Current Topics in Medicinal Chemistry - Volume 5, Issue 9, 2005

Glutamate (glutamic acid) is the major excitatory neurotransmitter in the mammalian CNS, exterting its modulatory effects through either ionotropic or metabotropic glutamate receptors (mGluRs). The mGluRs are family C G-protein coupled receptors, characterized by a large extracellular amino-terminal agonist binding site. Eight mGluRs have been cloned, sequenced and assigned to three groups based on their structure, coupling to effector mechanisms and pharmacology. Group I mGluRs (mGluR1 and mGluR5) are postsynaptic receptors while Group II (mGluR2 and mGluR3) and Group III (mGluR6, mGluR7 and mGluR8) are located presynaptically.
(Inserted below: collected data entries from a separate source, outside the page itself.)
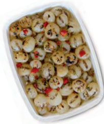
FCN0254 POIVRONS GRILLÉS BARQUETTE 1KG FACINO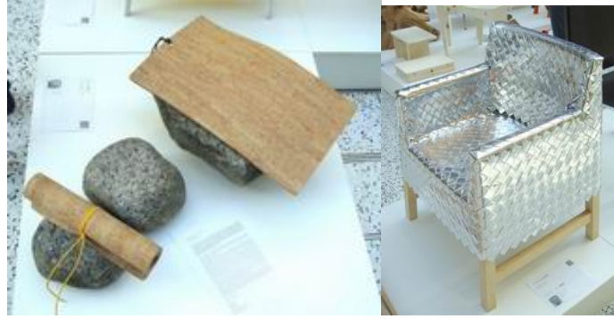
圖十四 其他設計師參展作品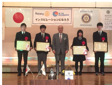
18-19年度奨学金受賞者4名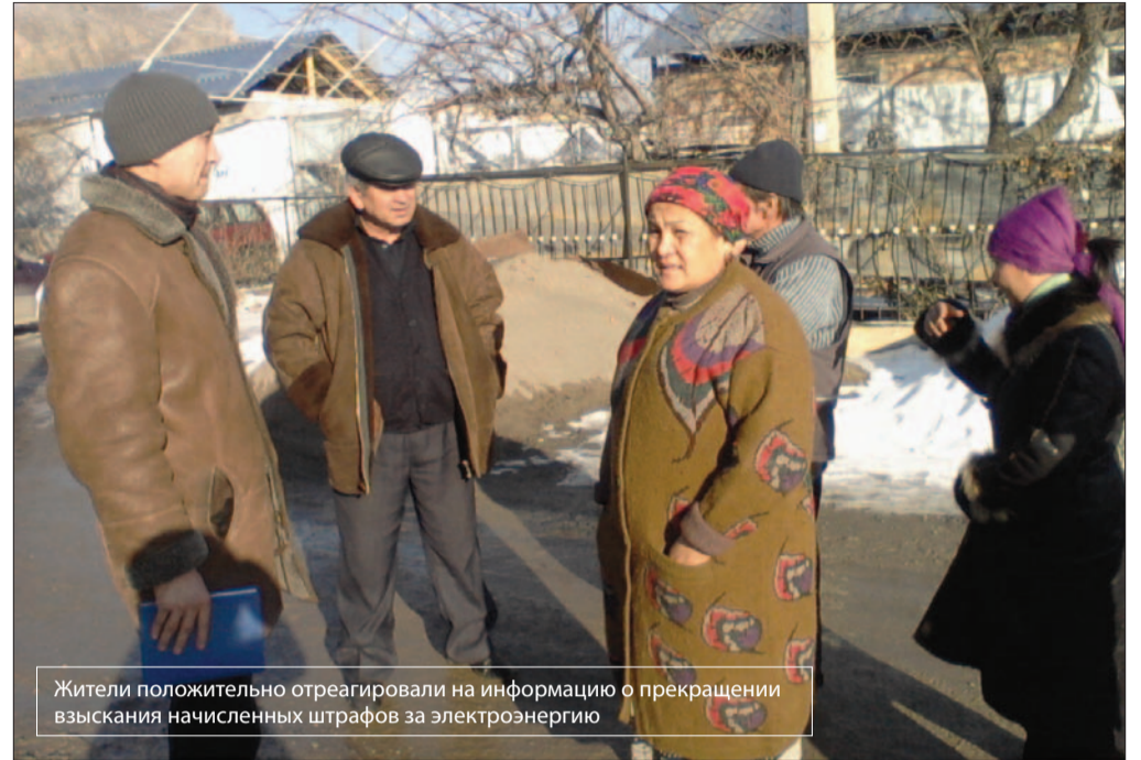
Жители положительно отреагировали на информацию о прекращении взыскания начисленных штрафов за электроэнергию

В деле Атаханова суд отметил явные нарушения в составлении акта о начислении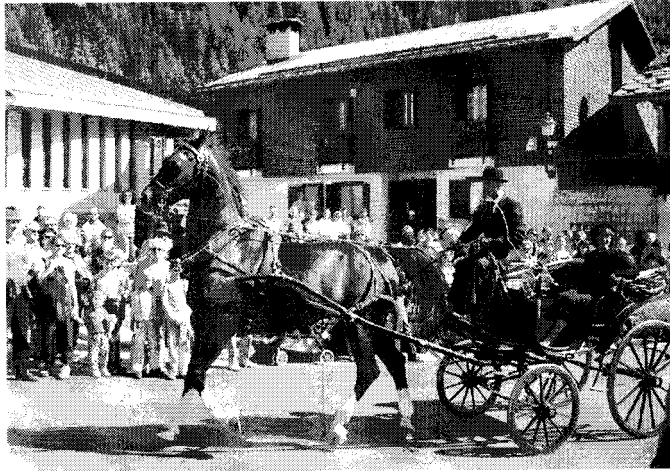
Un'immagine della scorsa edizione della sfilata

C HAMPOLUC - A chi ricorda Cenerentola, a chi ricorda tempi lontani, la carrozza rappresenta uno dei mezzi di trasporto più affascinanti e "maestosi". Un tempo indispensabile mezzo di trasporto, oggi viene utilizzata per eventi folkloristici, manifestazioni, rievocazioni storiche e matrimoni, impieghi "profani" che forse "sacrificano" un pò quella che la storia dell'antico mezzo. Ai piedi del Monte Rosa, si è svolta la ormai annuale sfilata di carrozze. E chissà se hanno creduto di trovarsi davvero in mezzo ad un favola i bambini di Champoluc, che hanno visto "circolare" il mezzo per le vie del loro paese. Come si guida una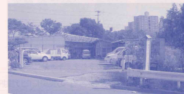
写真は名谷事務所正面

設立当初は、「被災者仮設住宅居住者の生活支援」を主な業務としてきましたが、復興住宅の建設に伴って、地域の「高齢者や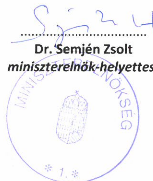
Dr. Semjén Zsolt miniszterelnök-helyettes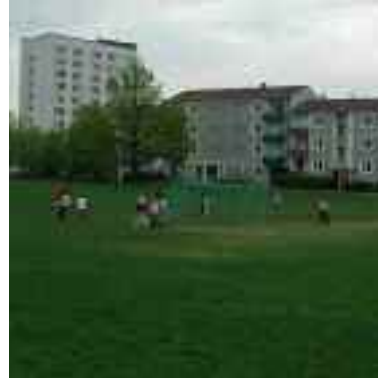
Boendemiljön har en nyckelroll i folkhälsoarbetet.

Folkhälsoarbetet är en del i kommunens arbete för medborgarnas hälsa och livskvalitet. Många är berörda och medverkar i ett arbete som tar sig många olika uttryck och som skär genom kommunens alla verksamhetsområden (se faktaruta).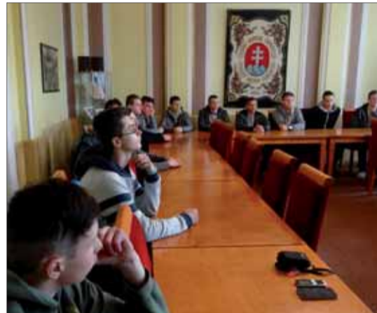
Mladí Popradčania na historickej pôde Matice.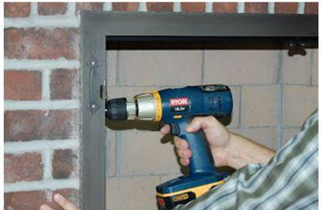
Nerekomenduojame gręžti skylės plytoje arčiau kaip 20mm iki jos krašto

Dysfunction in glutaminergic systems has been implicated in a number of neurological and psychiatric disorders including pain, addiction, Parkinson's disease, anxiety and schizophrenia. Recent studies suggest that small molecules capable of modulating mGluR activity will have broad applicability for the treatment of a variety of CNS pathologies. This issue contains a collection of reviews covering cutting-edge biology and medicinal chemistry for all 8 mGluR subtypes as well as a general introduction to this nacsent field. Importantly, the reviews describe the discovery and development of selective agonists, antagonists and allosteric modulators (both positive and negative) that target individual mGluR subtypes. The authors have included background biology relevant to understanding the target(s) for therapeutic intervention, lead discovery and progress towards target validation in various electrophysiological and animal behavioral models. I would like to thank the authors for their hard work, dedication and excellent, comprehensive contributions to this special issue of Currents Topics in Medicinal Chemistry. Our hope is that this issue will serve as a key reference work for those engaged in, or interested in, metabotropic gluatmate receptors and the various strategies employed to modulate this class of GPCRs for a number of therapeutic implications.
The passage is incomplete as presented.